Task directions:
Range to output from the entries below: the line containing "鉞は全長約25センチ。左手のダボ穴にダボ接着で固定します。" through the line containing "イギリスで広く使われている、". Set it down exactly, ends included, nothing else.

Listed records:

+-------+

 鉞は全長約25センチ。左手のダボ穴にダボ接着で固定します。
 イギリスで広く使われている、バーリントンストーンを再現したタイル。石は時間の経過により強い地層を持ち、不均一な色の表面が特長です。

+-------+

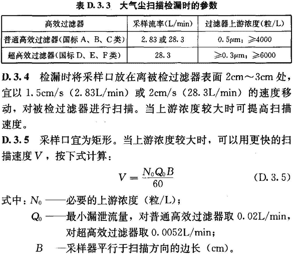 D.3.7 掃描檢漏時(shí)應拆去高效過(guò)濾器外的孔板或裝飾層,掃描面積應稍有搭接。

+-------+

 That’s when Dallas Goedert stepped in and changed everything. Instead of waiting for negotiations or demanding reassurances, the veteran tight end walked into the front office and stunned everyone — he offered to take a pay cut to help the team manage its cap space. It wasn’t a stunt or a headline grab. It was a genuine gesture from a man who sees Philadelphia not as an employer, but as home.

+-------+

Written solution:
 鉞は全長約25センチ。左手のダボ穴にダボ接着で固定します。
 イギリスで広く使われている、バーリントンストーンを再現したタイル。石は時間の経過により強い地層を持ち、不均一な色の表面が特長です。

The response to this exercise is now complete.